Pictures are not part of the answer. Return the lines from the one containing "簡(jiǎn)要說(shuō" through the end of the data, both included, exactly as they appear.
Segment Start: Available data
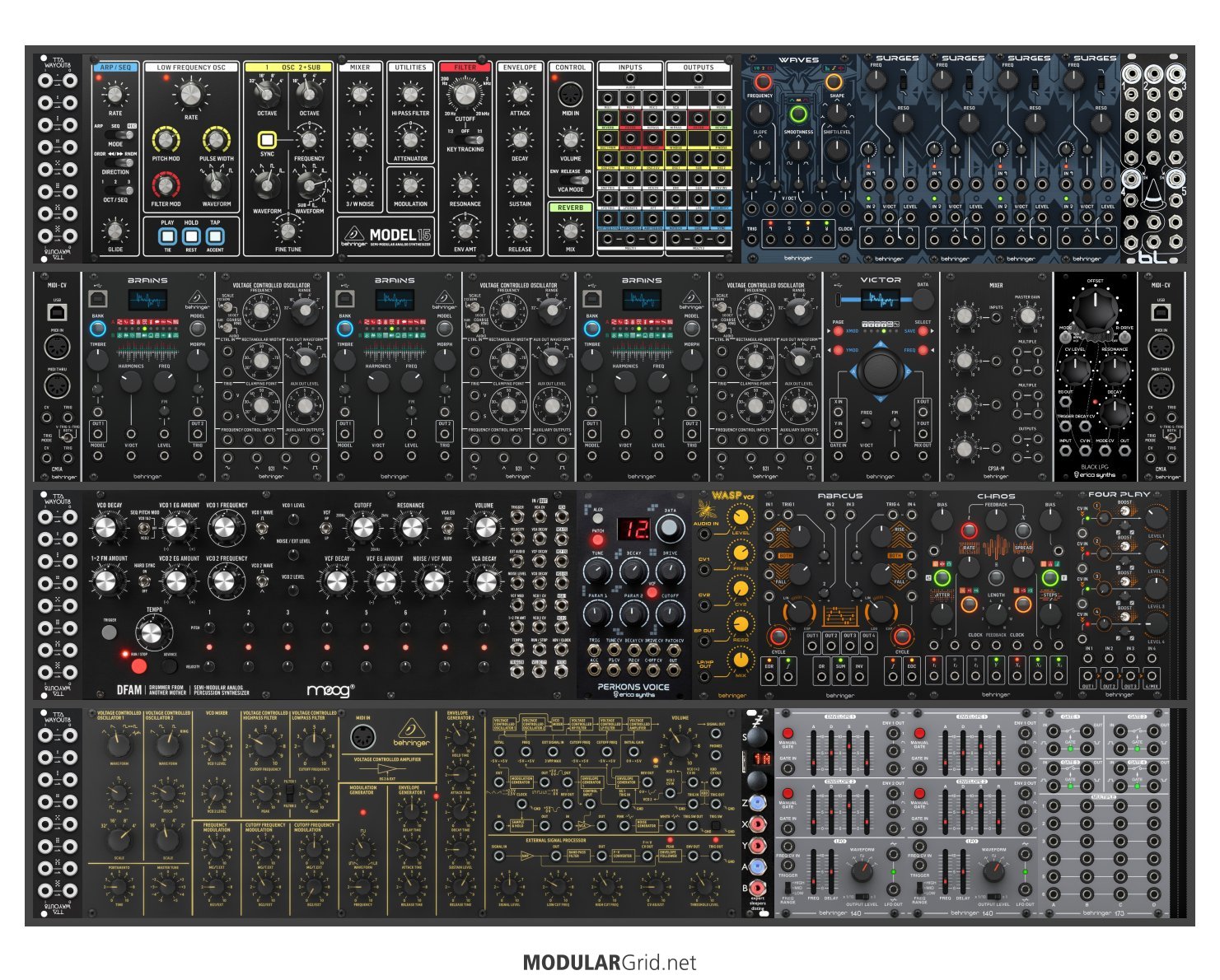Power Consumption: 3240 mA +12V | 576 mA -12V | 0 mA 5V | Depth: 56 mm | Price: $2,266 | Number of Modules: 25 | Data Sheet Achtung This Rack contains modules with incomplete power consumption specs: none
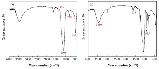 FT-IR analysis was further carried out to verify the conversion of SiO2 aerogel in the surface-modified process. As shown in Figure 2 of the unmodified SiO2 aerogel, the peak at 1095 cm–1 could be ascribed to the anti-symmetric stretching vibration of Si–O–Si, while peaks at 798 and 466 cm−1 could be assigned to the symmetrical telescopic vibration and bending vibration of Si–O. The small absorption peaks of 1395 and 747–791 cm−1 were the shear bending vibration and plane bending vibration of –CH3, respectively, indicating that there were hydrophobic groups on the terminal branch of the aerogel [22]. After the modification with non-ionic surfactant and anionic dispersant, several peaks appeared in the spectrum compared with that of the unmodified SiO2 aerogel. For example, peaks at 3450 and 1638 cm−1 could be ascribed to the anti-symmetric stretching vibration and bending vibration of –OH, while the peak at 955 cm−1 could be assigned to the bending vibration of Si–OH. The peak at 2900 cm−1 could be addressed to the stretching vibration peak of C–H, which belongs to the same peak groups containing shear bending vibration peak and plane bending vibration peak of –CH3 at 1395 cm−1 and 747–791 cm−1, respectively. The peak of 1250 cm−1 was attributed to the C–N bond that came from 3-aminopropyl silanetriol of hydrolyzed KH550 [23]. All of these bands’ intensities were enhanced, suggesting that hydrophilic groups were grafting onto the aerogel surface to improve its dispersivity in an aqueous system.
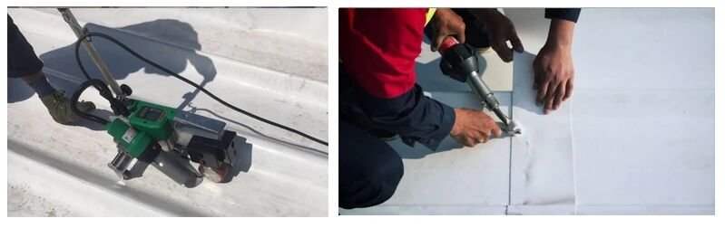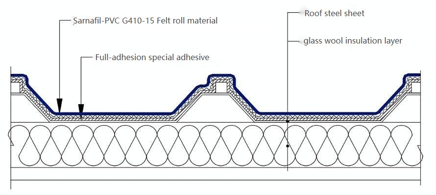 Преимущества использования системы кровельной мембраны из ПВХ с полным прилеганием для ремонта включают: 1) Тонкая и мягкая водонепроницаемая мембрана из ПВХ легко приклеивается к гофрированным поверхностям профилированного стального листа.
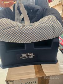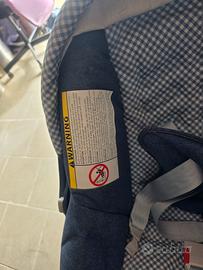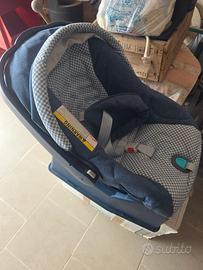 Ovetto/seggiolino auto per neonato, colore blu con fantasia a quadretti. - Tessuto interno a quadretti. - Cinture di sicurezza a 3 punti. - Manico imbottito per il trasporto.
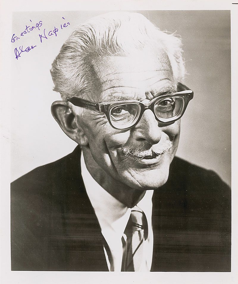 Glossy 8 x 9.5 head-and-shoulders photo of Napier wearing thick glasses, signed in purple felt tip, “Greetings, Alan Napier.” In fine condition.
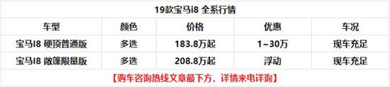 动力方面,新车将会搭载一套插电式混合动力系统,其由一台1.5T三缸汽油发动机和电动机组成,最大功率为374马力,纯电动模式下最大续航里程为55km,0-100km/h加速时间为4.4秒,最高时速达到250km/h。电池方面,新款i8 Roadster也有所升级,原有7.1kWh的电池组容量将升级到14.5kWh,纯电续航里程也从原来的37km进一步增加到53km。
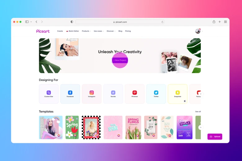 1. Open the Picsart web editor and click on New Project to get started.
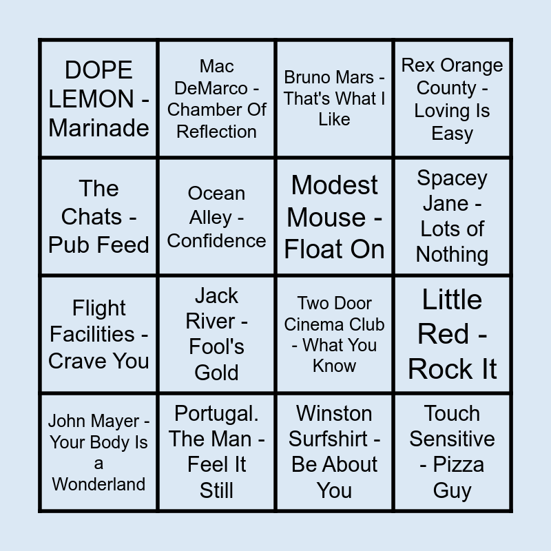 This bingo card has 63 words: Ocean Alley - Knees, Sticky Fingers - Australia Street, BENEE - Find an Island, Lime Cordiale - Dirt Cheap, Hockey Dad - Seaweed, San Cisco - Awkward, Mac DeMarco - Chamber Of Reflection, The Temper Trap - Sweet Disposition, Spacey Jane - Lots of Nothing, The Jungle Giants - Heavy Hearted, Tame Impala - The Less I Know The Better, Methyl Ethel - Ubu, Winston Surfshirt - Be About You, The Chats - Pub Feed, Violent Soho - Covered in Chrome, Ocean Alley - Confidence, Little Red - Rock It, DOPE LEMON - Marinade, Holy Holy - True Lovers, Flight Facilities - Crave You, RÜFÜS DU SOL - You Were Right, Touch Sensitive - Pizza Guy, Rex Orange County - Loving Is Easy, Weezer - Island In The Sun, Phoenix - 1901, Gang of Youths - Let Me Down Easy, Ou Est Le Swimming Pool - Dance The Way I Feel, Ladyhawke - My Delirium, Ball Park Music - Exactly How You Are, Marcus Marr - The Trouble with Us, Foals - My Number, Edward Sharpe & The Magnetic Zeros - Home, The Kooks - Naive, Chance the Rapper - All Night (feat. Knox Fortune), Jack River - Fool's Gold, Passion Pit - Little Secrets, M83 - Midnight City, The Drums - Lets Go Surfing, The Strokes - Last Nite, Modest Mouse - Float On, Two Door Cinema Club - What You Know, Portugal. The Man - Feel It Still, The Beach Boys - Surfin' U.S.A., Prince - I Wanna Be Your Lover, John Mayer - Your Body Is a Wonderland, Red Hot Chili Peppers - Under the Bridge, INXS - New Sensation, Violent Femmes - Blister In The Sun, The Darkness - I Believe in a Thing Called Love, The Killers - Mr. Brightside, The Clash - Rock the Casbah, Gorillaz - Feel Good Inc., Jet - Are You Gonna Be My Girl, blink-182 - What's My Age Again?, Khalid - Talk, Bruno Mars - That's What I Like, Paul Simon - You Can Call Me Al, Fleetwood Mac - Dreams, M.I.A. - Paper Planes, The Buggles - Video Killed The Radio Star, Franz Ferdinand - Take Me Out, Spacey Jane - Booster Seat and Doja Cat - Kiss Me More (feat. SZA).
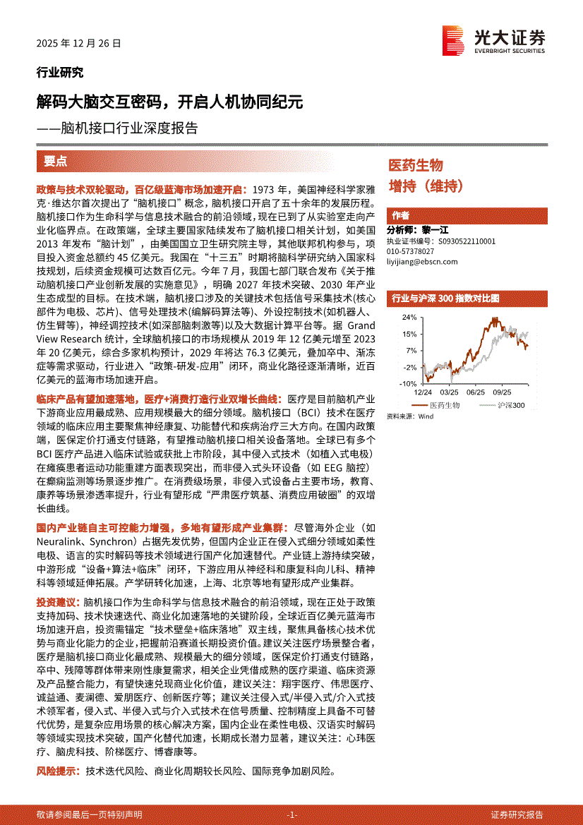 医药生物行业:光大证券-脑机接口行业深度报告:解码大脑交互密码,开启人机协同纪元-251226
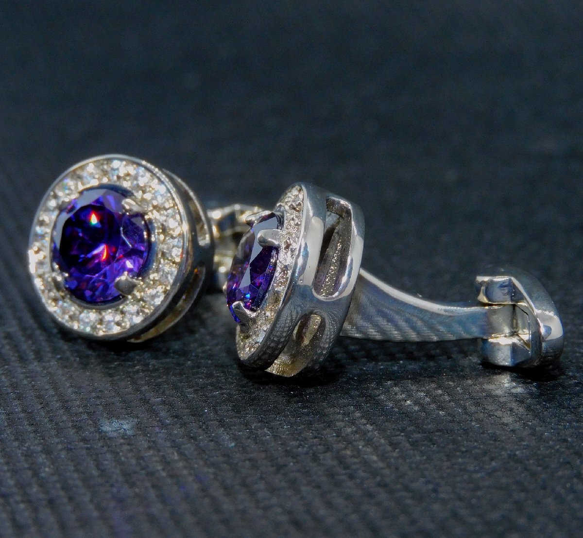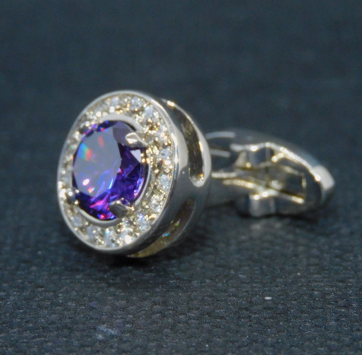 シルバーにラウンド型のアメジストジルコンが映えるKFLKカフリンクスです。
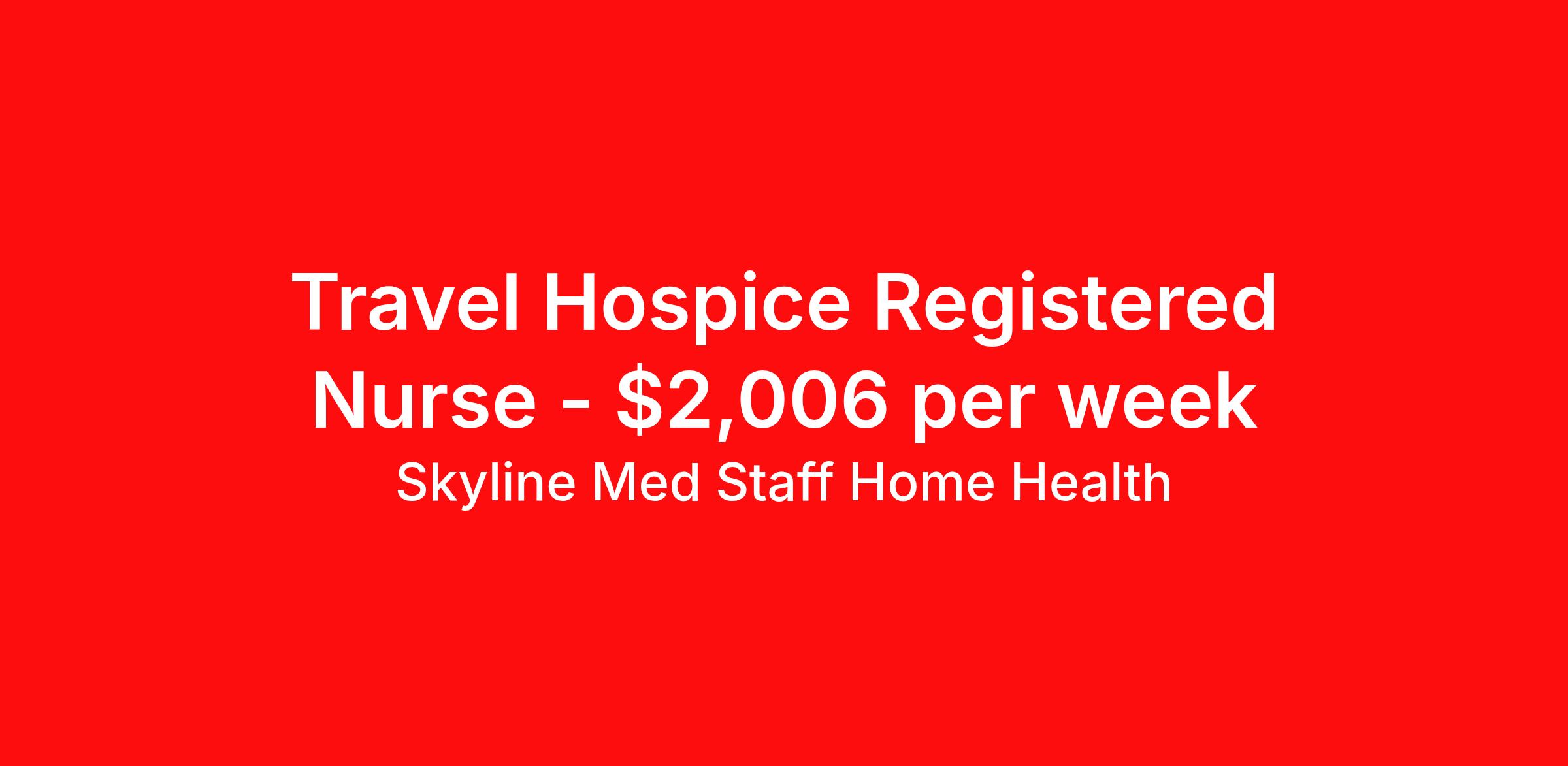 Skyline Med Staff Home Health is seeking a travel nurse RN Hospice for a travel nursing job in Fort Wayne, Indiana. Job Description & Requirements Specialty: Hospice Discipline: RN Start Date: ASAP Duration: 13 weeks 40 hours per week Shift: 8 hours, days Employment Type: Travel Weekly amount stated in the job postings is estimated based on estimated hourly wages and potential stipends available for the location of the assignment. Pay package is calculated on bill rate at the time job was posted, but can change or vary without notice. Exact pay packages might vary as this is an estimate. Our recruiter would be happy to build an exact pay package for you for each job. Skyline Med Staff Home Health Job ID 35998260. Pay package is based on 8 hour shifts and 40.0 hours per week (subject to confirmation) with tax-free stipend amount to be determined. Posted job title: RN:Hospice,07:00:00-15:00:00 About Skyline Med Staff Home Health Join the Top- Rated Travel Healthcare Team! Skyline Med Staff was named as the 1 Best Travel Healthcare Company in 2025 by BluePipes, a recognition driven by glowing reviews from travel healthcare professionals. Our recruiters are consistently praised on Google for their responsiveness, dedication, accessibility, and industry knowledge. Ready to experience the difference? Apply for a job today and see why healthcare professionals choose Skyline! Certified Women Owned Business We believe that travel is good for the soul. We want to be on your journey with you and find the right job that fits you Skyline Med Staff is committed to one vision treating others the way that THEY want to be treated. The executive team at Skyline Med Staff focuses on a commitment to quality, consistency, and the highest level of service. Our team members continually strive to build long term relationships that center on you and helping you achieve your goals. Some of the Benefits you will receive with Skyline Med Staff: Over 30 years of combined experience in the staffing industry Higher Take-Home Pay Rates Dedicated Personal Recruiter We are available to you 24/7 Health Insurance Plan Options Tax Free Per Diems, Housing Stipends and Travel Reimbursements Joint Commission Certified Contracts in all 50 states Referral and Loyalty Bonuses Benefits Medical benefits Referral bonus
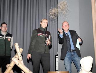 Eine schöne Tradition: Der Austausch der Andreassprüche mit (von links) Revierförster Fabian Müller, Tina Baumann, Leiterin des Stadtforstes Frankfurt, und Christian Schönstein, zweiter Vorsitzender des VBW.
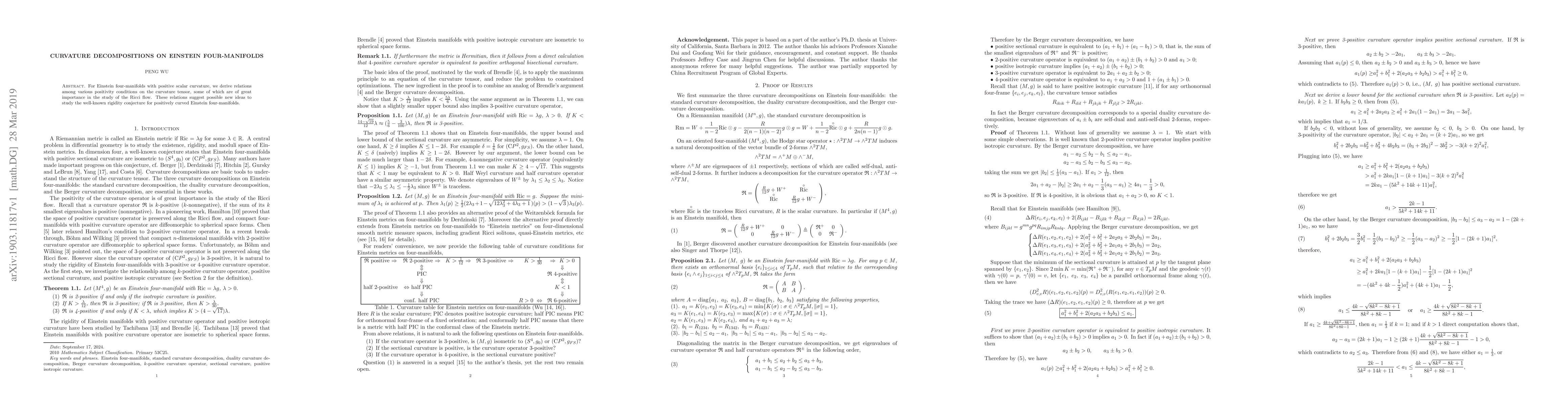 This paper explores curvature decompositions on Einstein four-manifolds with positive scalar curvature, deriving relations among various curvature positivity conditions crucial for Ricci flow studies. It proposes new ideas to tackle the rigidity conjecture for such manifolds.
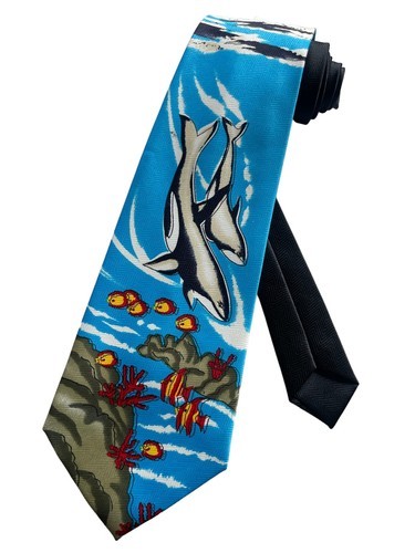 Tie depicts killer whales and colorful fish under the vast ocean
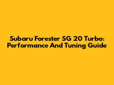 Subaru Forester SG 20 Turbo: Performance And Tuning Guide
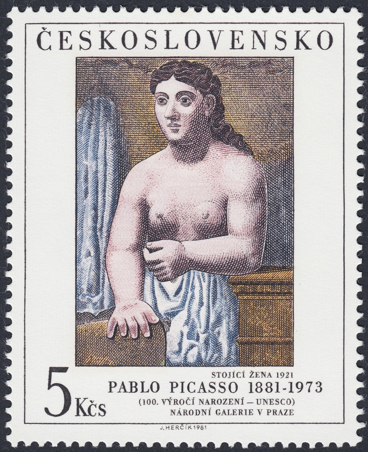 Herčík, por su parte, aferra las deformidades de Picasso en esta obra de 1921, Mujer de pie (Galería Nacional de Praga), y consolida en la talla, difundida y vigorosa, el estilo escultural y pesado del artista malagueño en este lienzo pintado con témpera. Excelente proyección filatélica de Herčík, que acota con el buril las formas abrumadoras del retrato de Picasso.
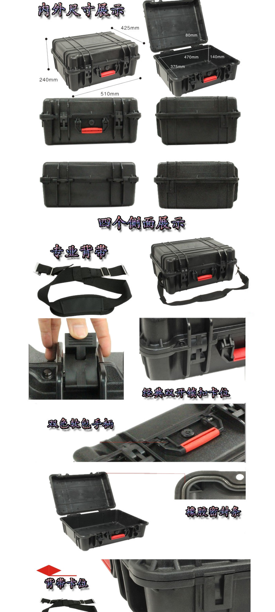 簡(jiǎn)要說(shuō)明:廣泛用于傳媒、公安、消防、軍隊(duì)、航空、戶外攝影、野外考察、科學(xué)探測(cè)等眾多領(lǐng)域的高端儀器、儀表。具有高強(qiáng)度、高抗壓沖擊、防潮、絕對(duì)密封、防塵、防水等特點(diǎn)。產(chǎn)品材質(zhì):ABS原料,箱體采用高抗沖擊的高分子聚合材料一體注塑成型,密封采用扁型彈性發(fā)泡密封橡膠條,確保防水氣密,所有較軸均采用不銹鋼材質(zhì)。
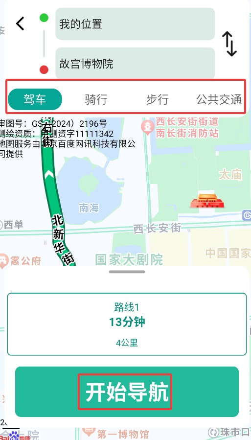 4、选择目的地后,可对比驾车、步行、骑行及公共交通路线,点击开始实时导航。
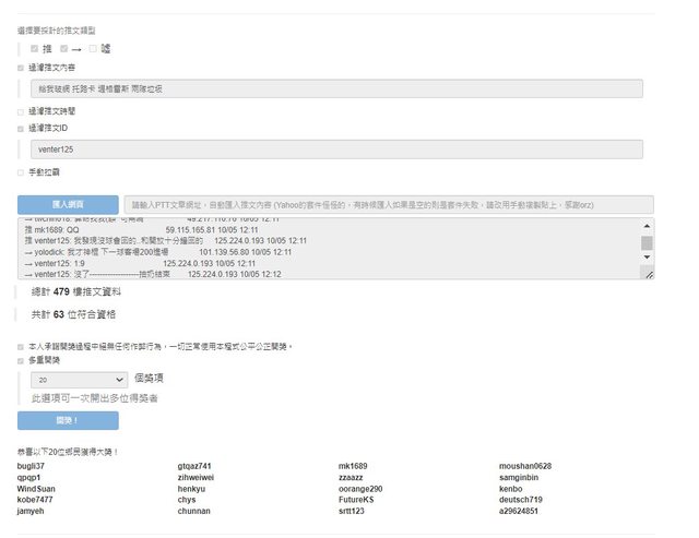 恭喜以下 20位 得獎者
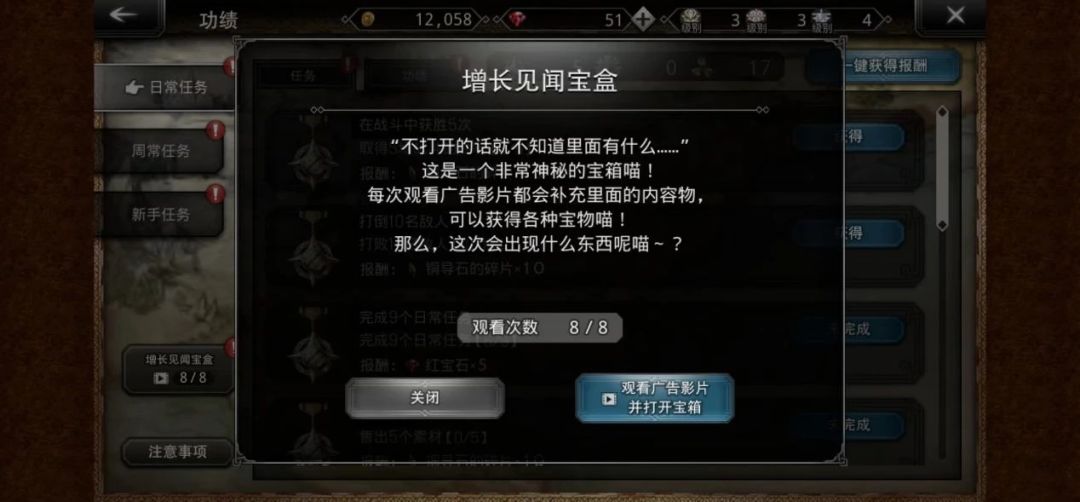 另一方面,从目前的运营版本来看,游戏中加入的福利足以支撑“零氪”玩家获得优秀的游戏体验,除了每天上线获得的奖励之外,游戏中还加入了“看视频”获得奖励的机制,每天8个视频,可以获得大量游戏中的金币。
Segment End: Available data
• _Written response_
 簡(jiǎn)要說(shuō)明:廣泛用于傳媒、公安、消防、軍隊(duì)、航空、戶外攝影、野外考察、科學(xué)探測(cè)等眾多領(lǐng)域的高端儀器、儀表。具有高強(qiáng)度、高抗壓沖擊、防潮、絕對(duì)密封、防塵、防水等特點(diǎn)。產(chǎn)品材質(zhì):ABS原料,箱體采用高抗沖擊的高分子聚合材料一體注塑成型,密封采用扁型彈性發(fā)泡密封橡膠條,確保防水氣密,所有較軸均采用不銹鋼材質(zhì)。
 4、选择目的地后,可对比驾车、步行、骑行及公共交通路线,点击开始实时导航。
 恭喜以下 20位 得獎者
 另一方面,从目前的运营版本来看,游戏中加入的福利足以支撑“零氪”玩家获得优秀的游戏体验,除了每天上线获得的奖励之外,游戏中还加入了“看视频”获得奖励的机制,每天8个视频,可以获得大量游戏中的金币。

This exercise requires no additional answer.